> _RECORD EXTRACTS_:

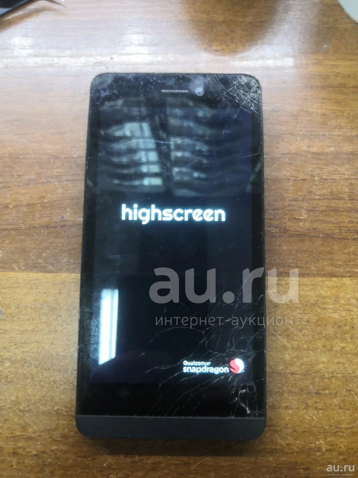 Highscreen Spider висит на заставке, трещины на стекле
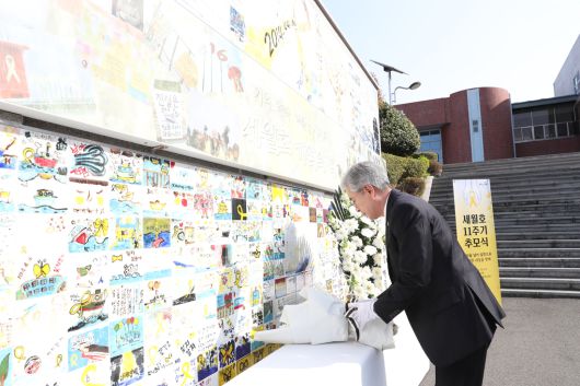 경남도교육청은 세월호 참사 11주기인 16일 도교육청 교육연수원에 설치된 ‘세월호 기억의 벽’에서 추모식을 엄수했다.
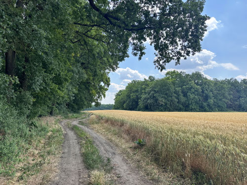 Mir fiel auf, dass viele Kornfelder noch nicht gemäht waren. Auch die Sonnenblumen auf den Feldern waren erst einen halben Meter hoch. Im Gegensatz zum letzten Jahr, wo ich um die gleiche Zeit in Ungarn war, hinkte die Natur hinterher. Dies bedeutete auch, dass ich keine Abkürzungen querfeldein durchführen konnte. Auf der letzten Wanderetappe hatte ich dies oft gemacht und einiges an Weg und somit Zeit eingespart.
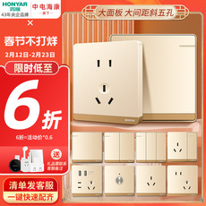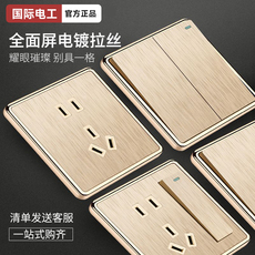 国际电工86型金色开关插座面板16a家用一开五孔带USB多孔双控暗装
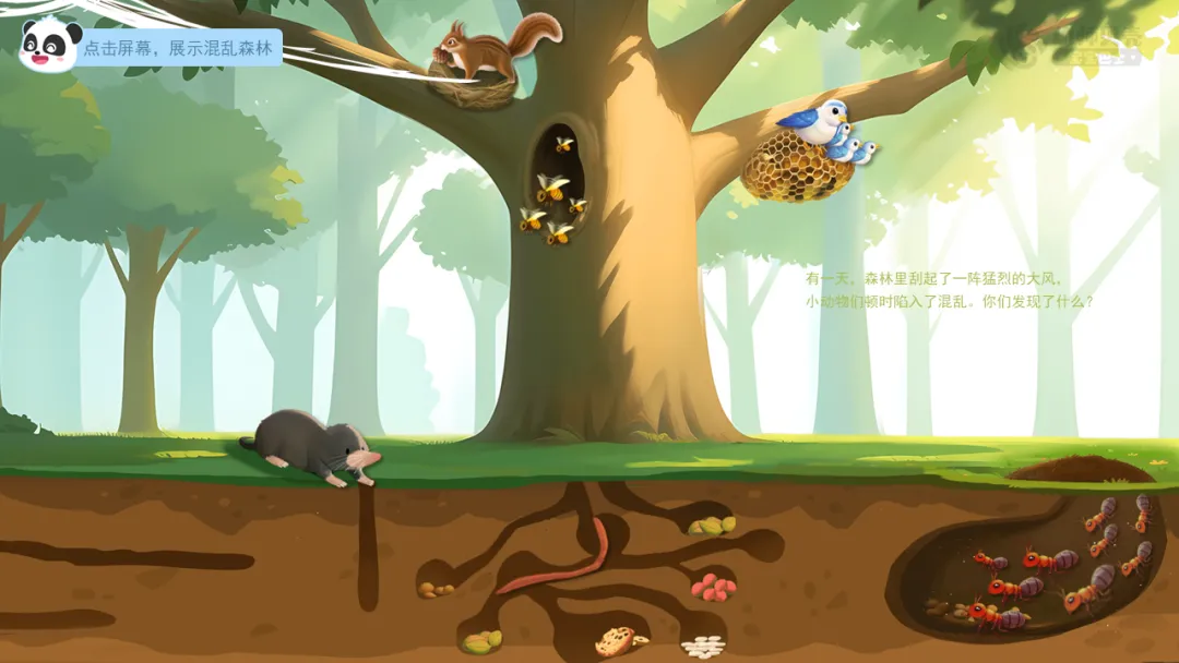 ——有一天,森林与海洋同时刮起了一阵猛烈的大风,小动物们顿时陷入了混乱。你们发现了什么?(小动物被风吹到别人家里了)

> _WHAT YOU ARE ASKED TO DO_: Write out all the data exactly, minus pictures.

> _ANSWER FOR THIS EXERCISE_:
 Highscreen Spider висит на заставке, трещины на стекле
 경남도교육청은 세월호 참사 11주기인 16일 도교육청 교육연수원에 설치된 ‘세월호 기억의 벽’에서 추모식을 엄수했다.
 Mir fiel auf, dass viele Kornfelder noch nicht gemäht waren. Auch die Sonnenblumen auf den Feldern waren erst einen halben Meter hoch. Im Gegensatz zum letzten Jahr, wo ich um die gleiche Zeit in Ungarn war, hinkte die Natur hinterher. Dies bedeutete auch, dass ich keine Abkürzungen querfeldein durchführen konnte. Auf der letzten Wanderetappe hatte ich dies oft gemacht und einiges an Weg und somit Zeit eingespart.
 国际电工86型金色开关插座面板16a家用一开五孔带USB多孔双控暗装
 ——有一天,森林与海洋同时刮起了一阵猛烈的大风,小动物们顿时陷入了混乱。你们发现了什么?(小动物被风吹到别人家里了)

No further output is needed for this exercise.